> _Raw data_
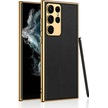 Kilifone - Samsung Uyumlu Galaxy S23 Ultra - Kılıf Deri Görünümlü Elektroplating Kaplama Fizyon Kapak - Siyah
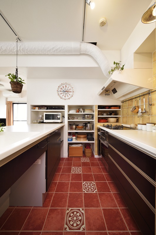 キッチンの床は赤のタイル、壁には黄色いタイルが貼られていてもとても可愛らしい雰囲気になっています♪
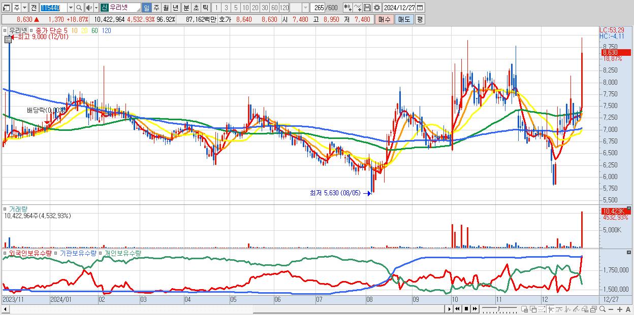 - 우리넷 (8,630원 ▲ 18.87% , 시총: 928억, 거래량: 10,422,964, 거래대금:872억)

> _Problem to work on_
Working from the line with "キッチンの床は赤のタイル、壁" to the last line of the material above, repeat each line exactly and leave out the pictures.

> _Solution to this problem_
 キッチンの床は赤のタイル、壁には黄色いタイルが貼られていてもとても可愛らしい雰囲気になっています♪
 - 우리넷 (8,630원 ▲ 18.87% , 시총: 928억, 거래량: 10,422,964, 거래대금:872억)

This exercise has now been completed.